I am a perfectionist when it comes to querying. And yet, no writing is ever perfect, not even with critique groups and beta readers. Completed manuscripts still need tweaked or totally rewritten once an agent or editor is on board with the project. Even with editorial departments and galley proofs, typos and other mistakes make their way into published books.
Nothing is ever perfect in writing. But by golly, I was trying.
DH riffled through his mag twice, heaved half a dozen sighs and tried to give me some management advice on saving appropriate files for each of my completed manuscripts. He may have been raedy to beat me with his golf magazine a tad bit frustrated by the fact that I was searching an AQ thread for my dissected query last spring.
“But you don’t understand,” I wailed. Yes, I actually wailed. One hour later and 250 words in, I was frustrated by my lack of the perfect query letter. “I have 300 words to sell this idea. Three hundred.”
“Yeah?”
I attempted to put it in his terms. “If you had to sell a tractor in 300 words, which ones would you use?”

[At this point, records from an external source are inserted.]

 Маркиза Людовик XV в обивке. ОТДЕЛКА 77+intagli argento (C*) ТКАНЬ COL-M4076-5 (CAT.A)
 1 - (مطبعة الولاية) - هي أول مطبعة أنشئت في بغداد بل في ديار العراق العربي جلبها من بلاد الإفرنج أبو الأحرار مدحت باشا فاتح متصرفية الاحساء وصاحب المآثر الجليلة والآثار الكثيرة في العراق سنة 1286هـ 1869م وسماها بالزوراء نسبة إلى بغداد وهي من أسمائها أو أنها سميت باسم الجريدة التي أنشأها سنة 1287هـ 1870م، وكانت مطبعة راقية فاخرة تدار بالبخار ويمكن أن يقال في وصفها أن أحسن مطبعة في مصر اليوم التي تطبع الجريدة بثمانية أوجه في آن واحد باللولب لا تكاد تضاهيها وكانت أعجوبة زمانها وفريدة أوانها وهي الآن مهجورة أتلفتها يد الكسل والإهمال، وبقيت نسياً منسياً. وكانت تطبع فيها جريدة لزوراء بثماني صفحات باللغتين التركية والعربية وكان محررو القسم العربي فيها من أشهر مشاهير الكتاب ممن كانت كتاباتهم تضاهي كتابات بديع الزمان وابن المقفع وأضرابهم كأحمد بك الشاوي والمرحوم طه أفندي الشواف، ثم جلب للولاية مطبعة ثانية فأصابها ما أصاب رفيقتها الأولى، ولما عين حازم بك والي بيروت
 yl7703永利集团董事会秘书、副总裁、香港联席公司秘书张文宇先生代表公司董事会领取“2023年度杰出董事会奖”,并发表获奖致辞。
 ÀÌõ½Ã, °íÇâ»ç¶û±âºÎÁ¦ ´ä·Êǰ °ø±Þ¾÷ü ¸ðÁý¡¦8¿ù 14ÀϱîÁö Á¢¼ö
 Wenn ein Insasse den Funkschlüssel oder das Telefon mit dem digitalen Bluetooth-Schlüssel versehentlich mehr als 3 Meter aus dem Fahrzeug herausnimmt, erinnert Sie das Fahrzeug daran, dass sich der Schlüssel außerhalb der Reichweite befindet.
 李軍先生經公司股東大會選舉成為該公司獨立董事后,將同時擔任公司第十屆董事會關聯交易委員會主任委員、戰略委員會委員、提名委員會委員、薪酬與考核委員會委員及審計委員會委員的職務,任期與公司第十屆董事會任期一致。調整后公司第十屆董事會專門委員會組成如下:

“Here’s my tractor, here’s how much it costs. Now buy it.”
Talk about economy. I’ve never seen an eleven word query letter before. Nor was I satisfied with his version, even though he was fundamentally right. Here’s my book, this is what it’s about. Now rep it. Please. Let us not forget the please.
I struggled some more. DH snatched up one version. “What’s wrong with this?”
Everything. Yet I couldn’t possibly explain the anxiety that went into perfecting those sparse paragraphs. They had to be PACKED with goodness to have an agent request the manuscript. They were all I had. I read him a slightly different version–one with four changed sentences.
“Oh, yeah. I like that one much better.”
And that’s when it dawned on me. I have IE-OCD. My Internal Editor knows full well that there is always a better version. It refuses to quit tinkering. It refuses to approve. It refuses to give me permission to take that next step. So I don’t. I read and reread. I compulsively change one or two words. I let my queries simmer. And I wait for my Internal Editor to tell me that I am finally done. That all is good.
This morning my DH gave my IE’s OCD a swift kick in the rear. With his golf club. “It’s just a five iron, Baby. You’re a hundred and eighty yards out.”
Now, I’m not obsessed with golf like he is, but I know he was telling me to relax and swing. To let it go.
I did. I hit send, fought the impulse to call my queries back and walked away. DH may not read often, but he’s got the real world figured out. And so I leave you with his words of encouragement:
“It’s just a five iron. You’re a hundred and eighty yards out.”
What’s the best advice you’ve gotten to kick your Internal Editor’s rear?